[Data records]

● ● ● ● ●

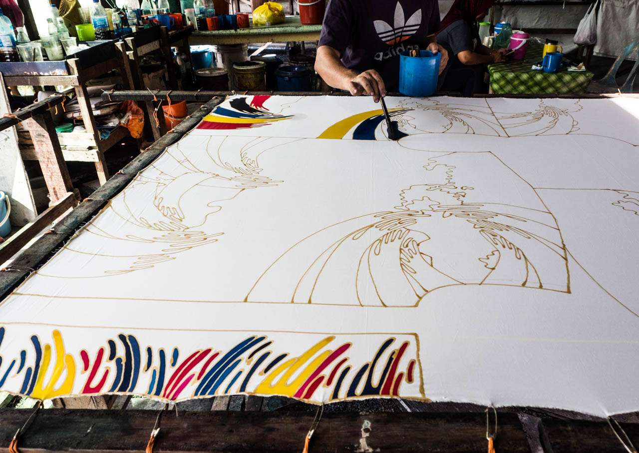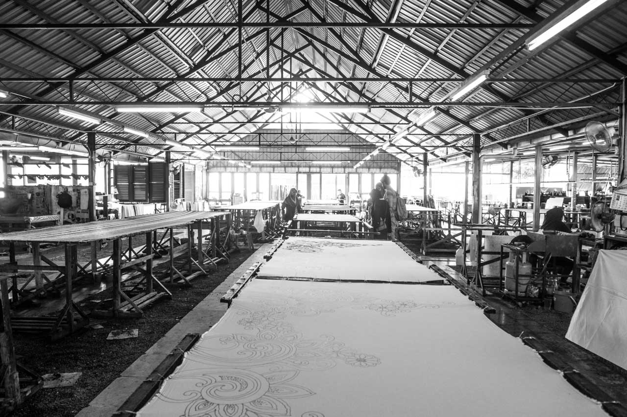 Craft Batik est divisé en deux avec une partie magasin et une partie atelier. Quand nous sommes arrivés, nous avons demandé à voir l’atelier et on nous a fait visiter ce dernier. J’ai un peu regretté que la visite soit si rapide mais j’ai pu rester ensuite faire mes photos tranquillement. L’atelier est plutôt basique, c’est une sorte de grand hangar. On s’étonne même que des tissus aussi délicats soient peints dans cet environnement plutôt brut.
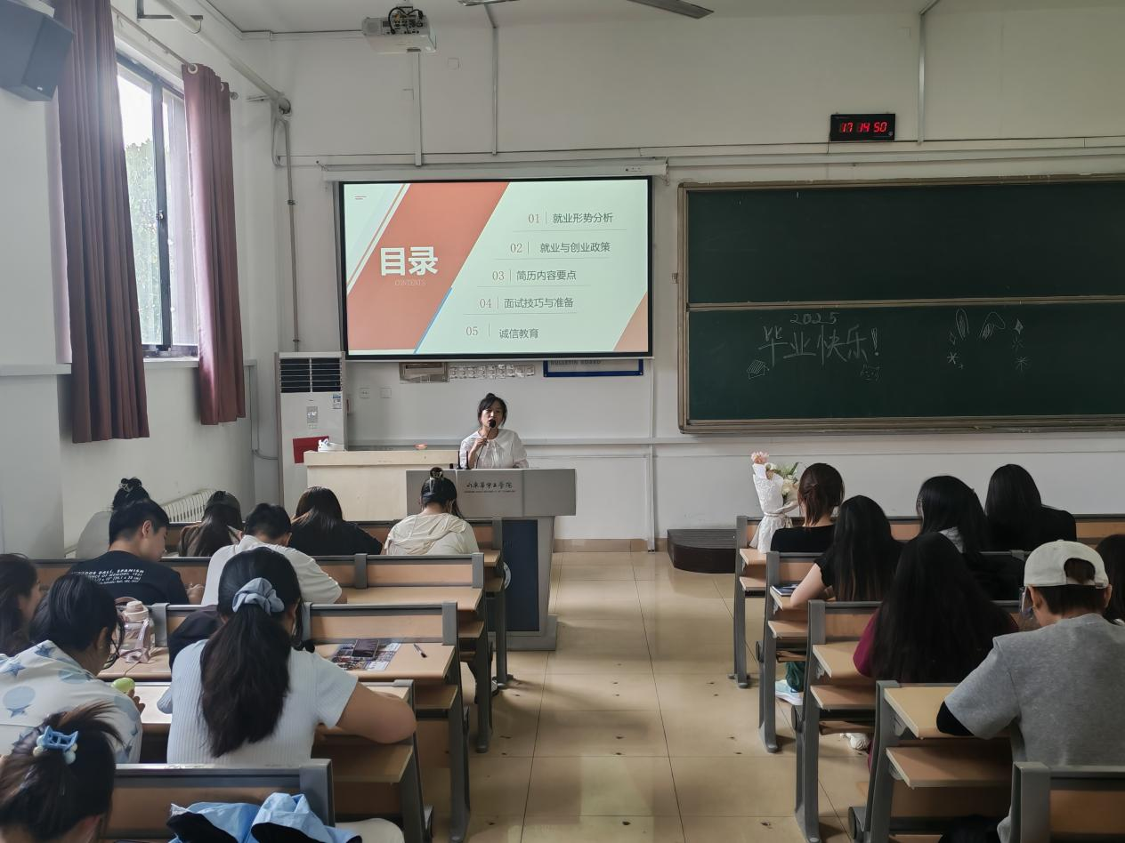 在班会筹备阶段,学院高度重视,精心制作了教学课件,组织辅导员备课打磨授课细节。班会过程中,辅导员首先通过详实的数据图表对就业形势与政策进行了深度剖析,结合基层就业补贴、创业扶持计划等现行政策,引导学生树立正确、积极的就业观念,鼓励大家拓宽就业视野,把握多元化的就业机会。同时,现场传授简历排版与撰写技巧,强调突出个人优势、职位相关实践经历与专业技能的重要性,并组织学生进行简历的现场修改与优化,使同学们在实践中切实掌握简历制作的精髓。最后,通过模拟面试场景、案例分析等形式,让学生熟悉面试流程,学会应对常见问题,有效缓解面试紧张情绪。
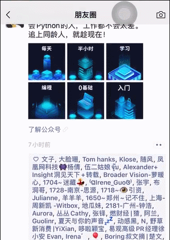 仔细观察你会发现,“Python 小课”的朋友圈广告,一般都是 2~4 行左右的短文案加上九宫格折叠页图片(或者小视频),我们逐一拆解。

● ● ● ● ●

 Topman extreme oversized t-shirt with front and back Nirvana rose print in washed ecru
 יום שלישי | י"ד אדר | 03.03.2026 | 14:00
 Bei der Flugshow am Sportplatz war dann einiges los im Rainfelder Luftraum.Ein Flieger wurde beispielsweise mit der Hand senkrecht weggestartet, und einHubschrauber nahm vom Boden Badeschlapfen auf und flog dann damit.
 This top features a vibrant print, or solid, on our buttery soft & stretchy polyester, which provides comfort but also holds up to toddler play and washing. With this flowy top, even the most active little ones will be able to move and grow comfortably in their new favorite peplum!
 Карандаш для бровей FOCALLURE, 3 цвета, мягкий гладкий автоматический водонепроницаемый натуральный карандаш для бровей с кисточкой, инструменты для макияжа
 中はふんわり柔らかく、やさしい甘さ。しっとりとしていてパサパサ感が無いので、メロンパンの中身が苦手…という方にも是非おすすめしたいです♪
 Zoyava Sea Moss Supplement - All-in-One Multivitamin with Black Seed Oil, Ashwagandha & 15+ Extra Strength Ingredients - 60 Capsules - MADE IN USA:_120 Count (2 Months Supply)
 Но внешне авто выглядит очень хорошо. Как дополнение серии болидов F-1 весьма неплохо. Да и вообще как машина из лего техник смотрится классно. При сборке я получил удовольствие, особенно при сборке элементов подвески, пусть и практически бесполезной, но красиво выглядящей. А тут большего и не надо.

● ● ● ● ●

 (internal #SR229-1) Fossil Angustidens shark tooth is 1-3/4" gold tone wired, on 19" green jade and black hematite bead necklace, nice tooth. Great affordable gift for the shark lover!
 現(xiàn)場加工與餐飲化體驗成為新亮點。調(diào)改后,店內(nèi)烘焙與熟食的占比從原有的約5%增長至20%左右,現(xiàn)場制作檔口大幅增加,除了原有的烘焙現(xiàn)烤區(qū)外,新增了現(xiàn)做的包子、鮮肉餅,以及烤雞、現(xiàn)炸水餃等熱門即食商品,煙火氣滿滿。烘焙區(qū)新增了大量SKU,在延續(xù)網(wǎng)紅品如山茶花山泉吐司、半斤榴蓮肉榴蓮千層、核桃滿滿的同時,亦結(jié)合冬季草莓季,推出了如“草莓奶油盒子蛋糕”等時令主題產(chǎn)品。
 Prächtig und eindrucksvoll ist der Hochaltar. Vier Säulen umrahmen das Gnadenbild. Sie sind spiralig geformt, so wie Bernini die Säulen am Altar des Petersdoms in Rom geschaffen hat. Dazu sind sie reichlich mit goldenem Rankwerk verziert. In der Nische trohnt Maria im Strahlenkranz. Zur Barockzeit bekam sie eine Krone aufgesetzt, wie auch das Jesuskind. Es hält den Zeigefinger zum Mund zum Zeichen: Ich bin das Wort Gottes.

● ● ● ● ●

In the listing above, find the line with "יום שלישי |" and the line with "Bei der Flugshow", then print exactly those two lines and every line between them, and nothing more.

 יום שלישי | י"ד אדר | 03.03.2026 | 14:00
 Bei der Flugshow am Sportplatz war dann einiges los im Rainfelder Luftraum.Ein Flieger wurde beispielsweise mit der Hand senkrecht weggestartet, und einHubschrauber nahm vom Boden Badeschlapfen auf und flog dann damit.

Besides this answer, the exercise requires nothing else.